The report says that the United Nations High Commission for Refugees (UNHCR) has so far been unable to acquire complete access to the detainees, who it said are being kept at the Boosa detention centre. Although, the UN refugee agency has recognised at least six of the group as refugees.

Media reports quoted Immigration Controller Chulananda Perera as saying that the Sri Lankan government could deport the detained Pakistanis because it had not sanctioned them to register asylum claims.

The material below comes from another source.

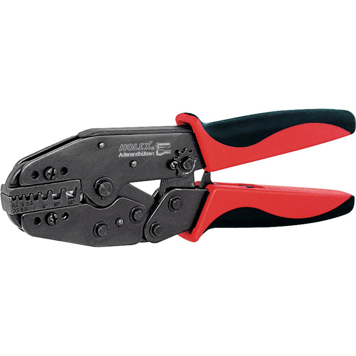 Steel body with compound action. Defined crimping force accurately ensured by integral stop function. Economy version. Terminal sleeve insertion from the side.
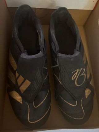 Zapatillas de fútbol Adidas Predator en talla 36.5. - Diseño en color negro y dorado. - Cierre con velcro y cordones.

“Sri Lankan authorities are threatening Pakistani minority group members with deportation at the very time when persecution of these groups is escalating in Pakistan,” said Bill Frelick, UN refugees director.

“Preventing asylum seekers from lodging claims in no way absolves Sri Lanka from its duty not to return them to possible persecution.”

According to the principle of nonrefoulement in international law, governments cannot pressurise returning refugees to places where they would be vulnerable to persecution. The principle applies equally to people prevented from lodging asylum claims who would still face serious harm upon return.

The raids on Pakistani minorities in Negombo, a city on the western coast of Sri Lanka, commenced on June 9, with authorities citing security concerns for the crackdown. Negombo has been a major haven for refugees from Pakistan. In 2013, UNHCR registered nearly 1,500 refugee claims of Pakistanis in Sri Lanka.


Attacks on religious minorities


Attacks on religious minorities in Pakistan are rampant and the government has failed to investigate cases of violence and discrimination against religious and ethnic minorities, the report noted.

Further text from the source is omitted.